> **AIM OF THE TASK**
Please restate the records below verbatim, omitting every image they hold.

Stored data entries:
______________________________

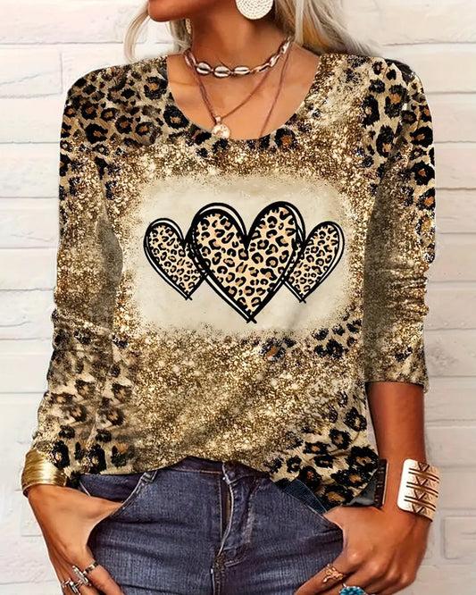 Lässiges Oberteil mit Leoparden- und Herz-Print in Colorblock-Optik
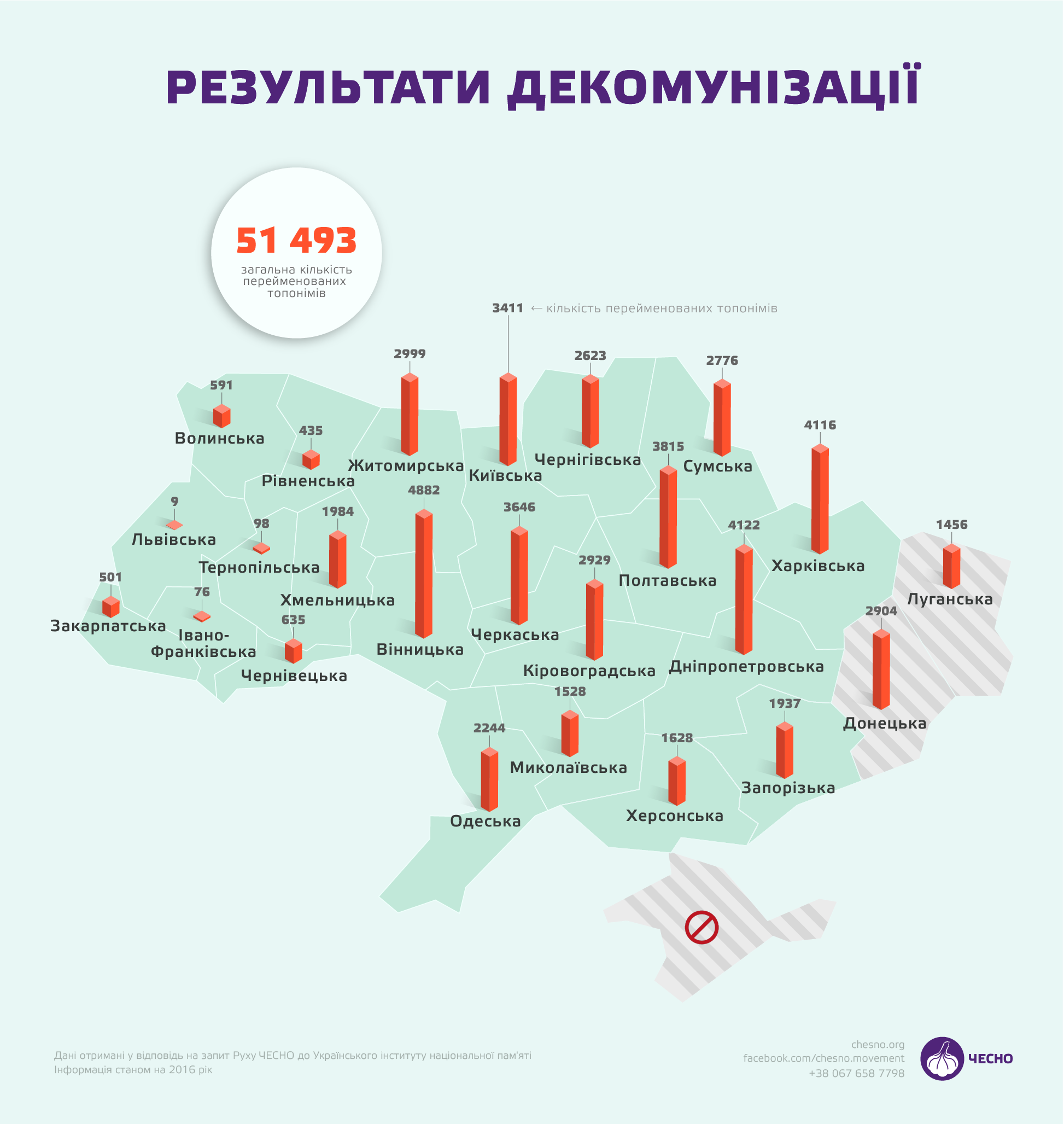 15 квітня 2015 року ВРУ ухвалила закон про декомунізацію. Парламент унормував процес, який стихійно розпочався після Революції гідності. У відповідь на запит ЧЕСНО в УІНП повідомили: тоді перейменували понад 50 тисяч об’єктів топонімії.
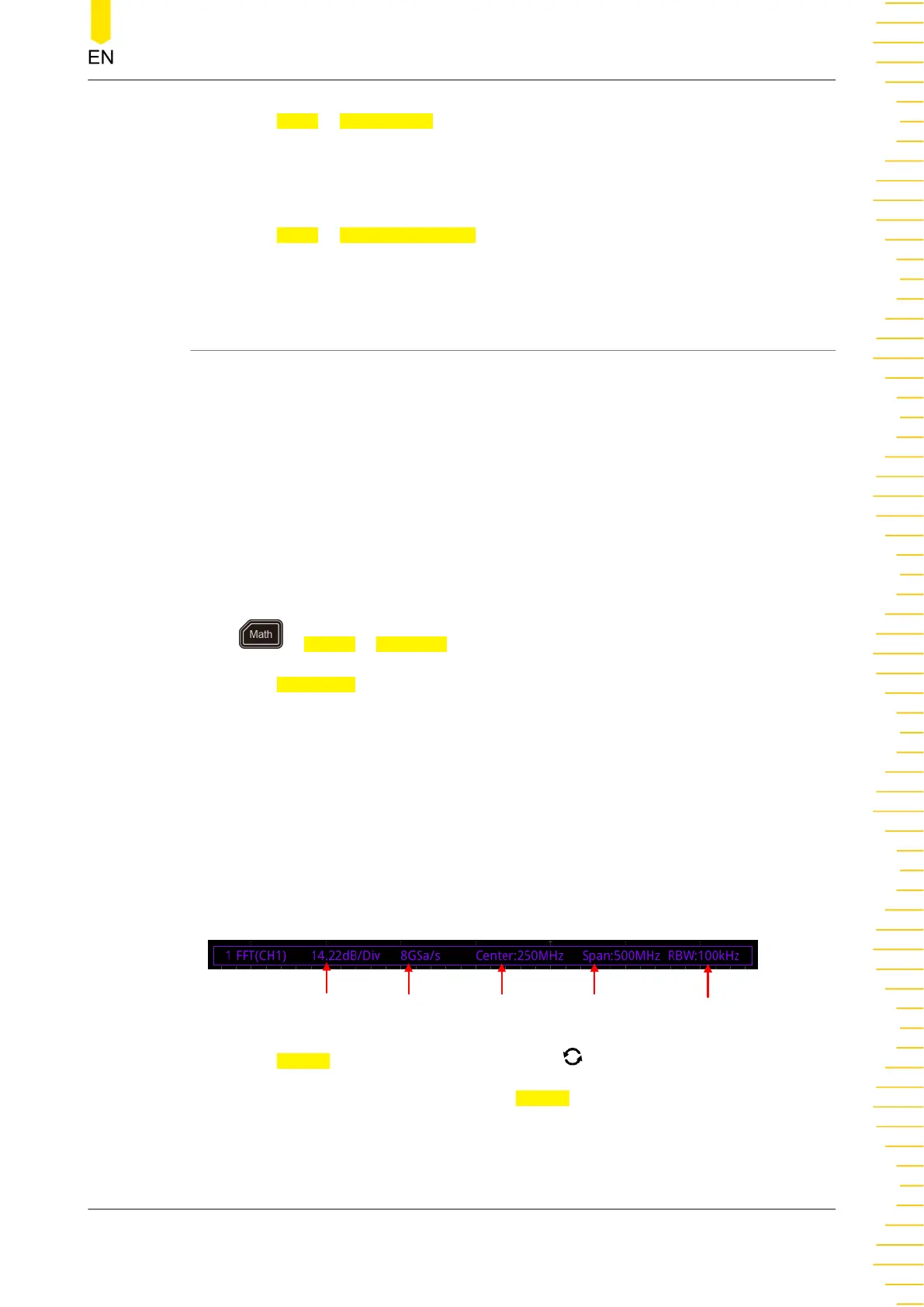 Press > Math1 > Operator to "FFT":
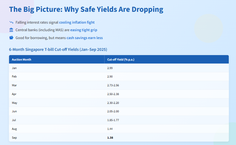 This table tracks the decline in 6-month Singapore T-bill yields at each auction in 2025. It shows how rates have fallen from nearly 3% early this year to just 1.38% in September, underscoring why yield-seeking investors must revisit familiar strategies now.
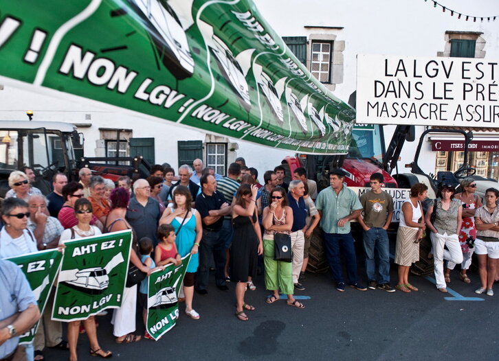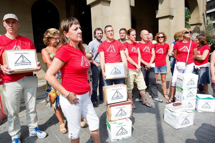 12.000 alegazio baino gehiago goi tentsioko linearen aurka. Irudian plataformakoak alegazioekin gobernu ordezkaritza aurrean Iruñean.
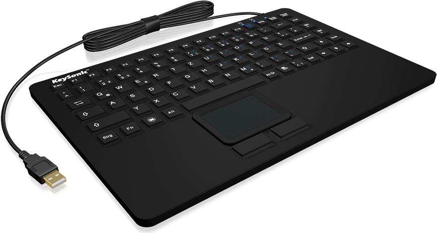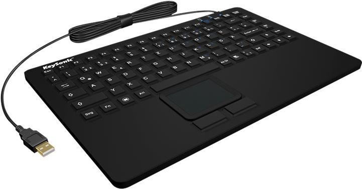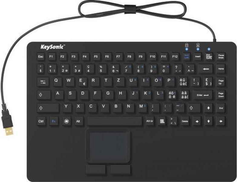Diese Keysonic Tastatur verfügt über ein ausgezeichnetes, taktiles Schreibgefühl und ist wasserdicht nach IP68 und kann somit sogar in Flüssigkeiten eingetaucht werden. Die Oberfläche der Keysonic Tastatur ist mit einer speziellen Oberflächenversiegelung ausgestattet und weist daher eine gute mechanische und chemische Beständigkeit auf, so dass mit Standard Desinfektionsmitteln gearbeitet werden kann, ohne dass die Tasten ihre Beschriftung verlieren. Das integrierte Touchpad ermöglicht den Einsatz der Keysonic Tastatur ohne externe, zusätzliche Maus. Dies ist sowohl ein Kosten- als auch ein praktischer Vorteil, denn das Touchpad lässt sich sowohl mit als auch ohne Gummihandschuhe einwandfrei bedienen.
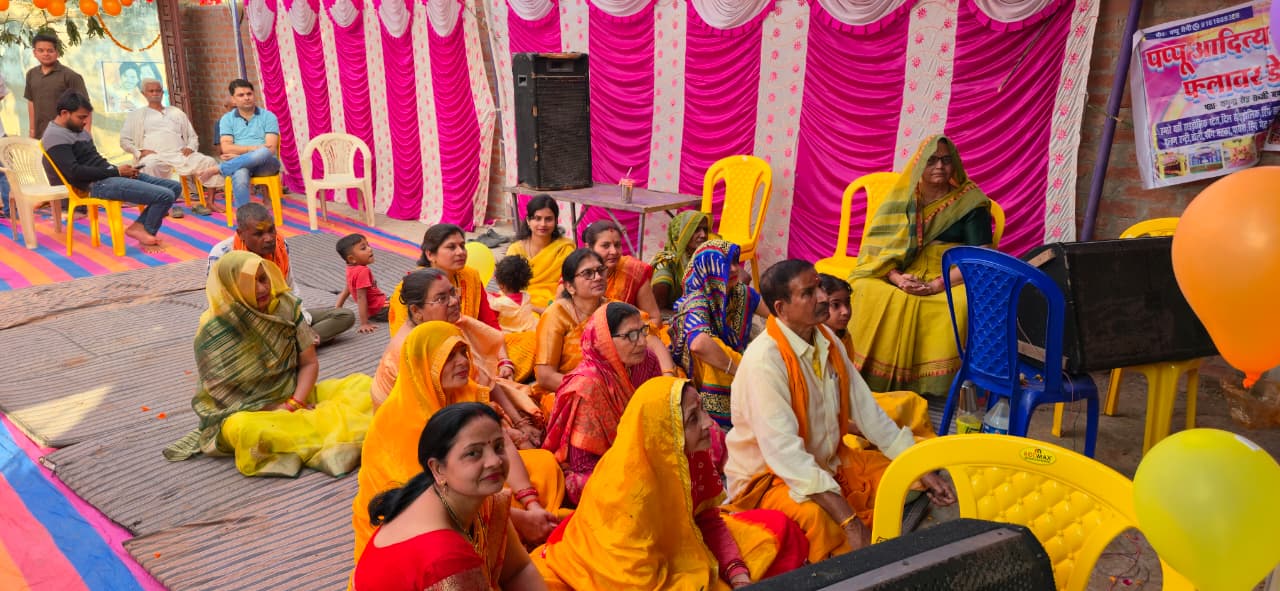 ​”भक्ति में सराबोर: शाहपुर गांव में आयोजित श्रीमद्भागवत कथा के दौरान भगवान श्रीकृष्ण की बाल लीलाओं का प्रसंग सुनते भाव-विभोर श्रद्धालु।”

______________________________

> **RESULT BELOW**
 Lässiges Oberteil mit Leoparden- und Herz-Print in Colorblock-Optik
 15 квітня 2015 року ВРУ ухвалила закон про декомунізацію. Парламент унормував процес, який стихійно розпочався після Революції гідності. У відповідь на запит ЧЕСНО в УІНП повідомили: тоді перейменували понад 50 тисяч об’єктів топонімії.
 Press > Math1 > Operator to "FFT":
 This table tracks the decline in 6-month Singapore T-bill yields at each auction in 2025. It shows how rates have fallen from nearly 3% early this year to just 1.38% in September, underscoring why yield-seeking investors must revisit familiar strategies now.
 12.000 alegazio baino gehiago goi tentsioko linearen aurka. Irudian plataformakoak alegazioekin gobernu ordezkaritza aurrean Iruñean.
Diese Keysonic Tastatur verfügt über ein ausgezeichnetes, taktiles Schreibgefühl und ist wasserdicht nach IP68 und kann somit sogar in Flüssigkeiten eingetaucht werden. Die Oberfläche der Keysonic Tastatur ist mit einer speziellen Oberflächenversiegelung ausgestattet und weist daher eine gute mechanische und chemische Beständigkeit auf, so dass mit Standard Desinfektionsmitteln gearbeitet werden kann, ohne dass die Tasten ihre Beschriftung verlieren. Das integrierte Touchpad ermöglicht den Einsatz der Keysonic Tastatur ohne externe, zusätzliche Maus. Dies ist sowohl ein Kosten- als auch ein praktischer Vorteil, denn das Touchpad lässt sich sowohl mit als auch ohne Gummihandschuhe einwandfrei bedienen.
 ​”भक्ति में सराबोर: शाहपुर गांव में आयोजित श्रीमद्भागवत कथा के दौरान भगवान श्रीकृष्ण की बाल लीलाओं का प्रसंग सुनते भाव-विभोर श्रद्धालु।”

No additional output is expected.